1. ## Proving a set is closed

Let S = [0,4]. Show S is closed.

How can I show that the bd S is a subset of S, or that R/S is open?
I know that simply stating the bd should be enough to say that S is closed, but my professor wants us to be able to also show bd{0 , 4}.
I know that if it were (0,4) I could say that (0 - E, 0+ E) intersected with S and R/S is non empty, but is it sufficient to say that if S is closed then the bd S = bd (R/S) so R/S is empty?

Also at what point when x is in bd does (x - E, x + E) intersected with S and R/S non empty? This would only be true for an open set correct?

2. Originally Posted by p00ndawg
Let S = [0,4]. Show S is closed.
This is the complement: $\left( { - \infty ,0} \right) \cup \left( {4,\infty } \right)$.
Can you prove that the union is open?

3. Originally Posted by Plato
This is the complement: $\left( { - \infty ,0} \right) \cup \left( {4,\infty } \right)$.
Can you prove that the union is open?
yes i think i can, especially since I know that the union of any collection of open sets is open.

so by showing that the complement is open, we can say that the set is closed.

nice, thank you.

4. by bd(s) do you mean the boundary of S ??

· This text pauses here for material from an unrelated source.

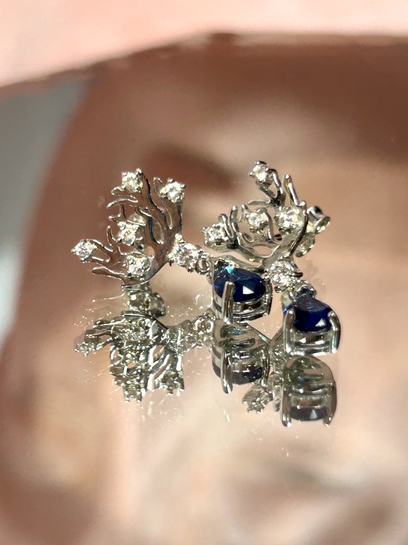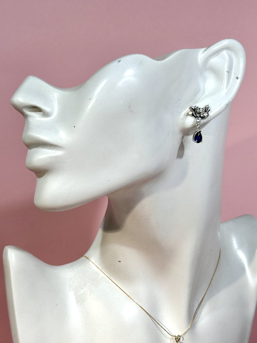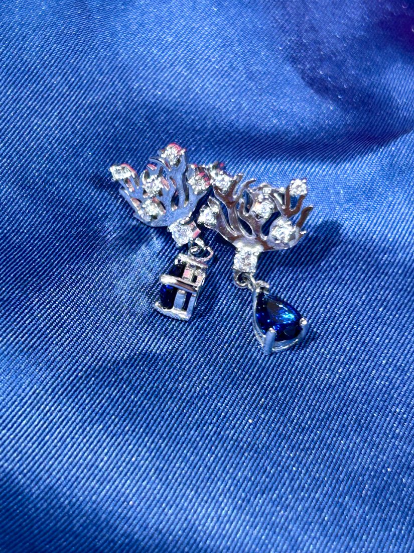 Na górze są takie gałązki jak koralowiec, wysadzane drobnymi, lśniącymi cyrkoniami a na dole zawieszona kropla z szafirową cyrkonią w eleganckim szatonie.

then bd(S) = S closure intersection (X-S) closure. and since S is closed S=S closure so you are done.

5. Originally Posted by srinivas.sista89
by bd(s) do you mean the boundary of S ??

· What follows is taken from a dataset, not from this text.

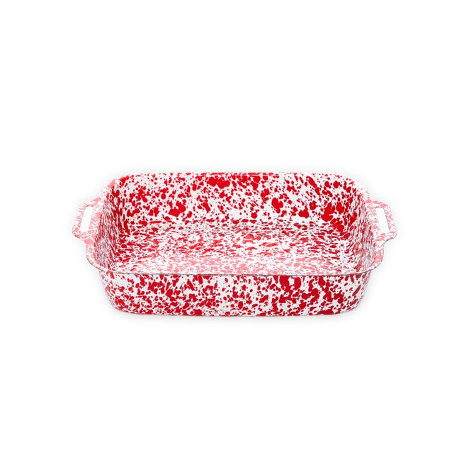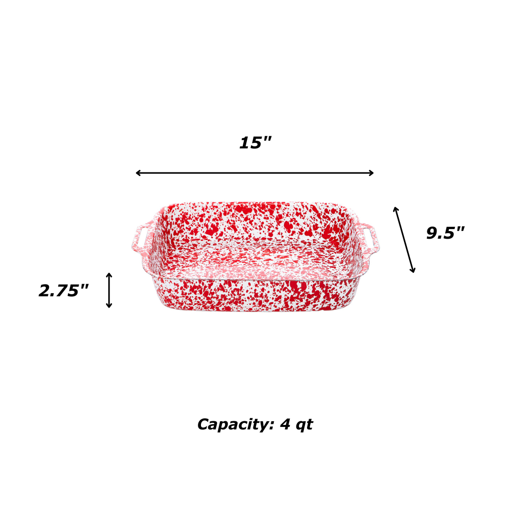 Are you curious about what the best size pan for lasagna is? Our Splatter enamelware Lasagna Pan is deep enough for layering without the worry of spillage or noodles overlapping. This pan is durable and functional enough to bring you from oven to tabletop with ease.

then bd(S) = S closure intersection (X-S) closure. and since S is closed S=S closure so you are done.
The point was to prove that $S$ is closed.

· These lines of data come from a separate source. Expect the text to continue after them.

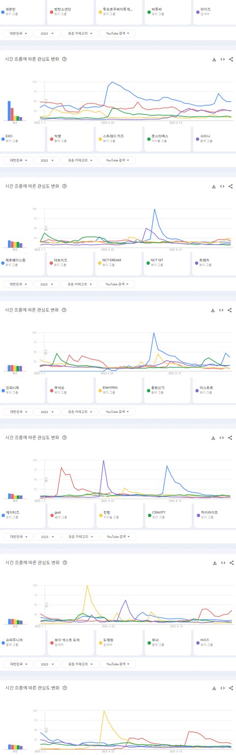 2023년 한국 유튜브에서 가장 많이 검색된 케이팝 남자아이돌그룹 TOP30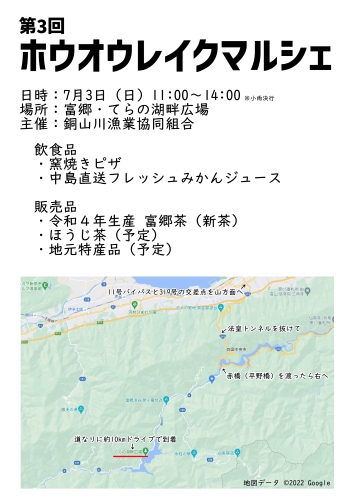 プレスリリース 2022.06.29 7月3日(日)11時よりてらの湖畔広場にて第3回ホウオウレイクマルシェを開催します。 内容は前回と同じ予定ですが、富郷茶の新茶やほうじ茶などをある程度ご用意しました。 今のところ他では買えない商品ですので、ぜひお越しください。 お待ちしております。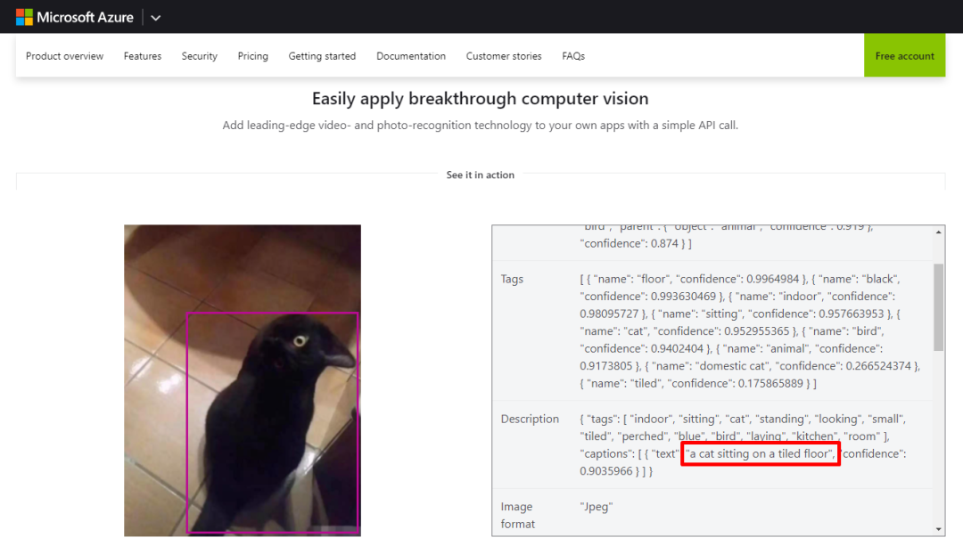 在编写应用之前,我们可以使用微软提供的测试平台试试 Computer Vision API 到底能不能识别猫猫。

6. An alternative way to do this (which is just implicitly noting that $\mathbb{R}-S$ is open) is to suppose that $\ell\notin[0,4]\implies \ell\in\mathbb{R}-S$. We have two cases, either $\ell<0$ in which case note that $\ell+\frac{0-\ell}{2}<0\quad\color{red}\star$; or $\ell>4$ in which case $\ell-\frac{\ell-4}{2}>4\quad\color{red}\star\star$. And clearly $\ell-\frac{0-\ell}{2}<0\quad\color{red}\star$ and $\ell+\frac{\ell-4}{2}>4\quad\color{red}\star\star$. If the first case is two then choosing $\varepsilon=\color{red}\star$ shows that $\mathcal{U}_{\varepsilon}\subset (-\infty,0)$ and if the second is true then choosing $\varepsilon=\color{red}\star\star$ shows that $\mathcal{U}_{\varepsilon}\subset(4,\infty)$. In either case $\ell$ is an interior point of $\mathbb{R}-S$. Thus $\mathbb{R}-S$ is open which implies that $S$ is closed.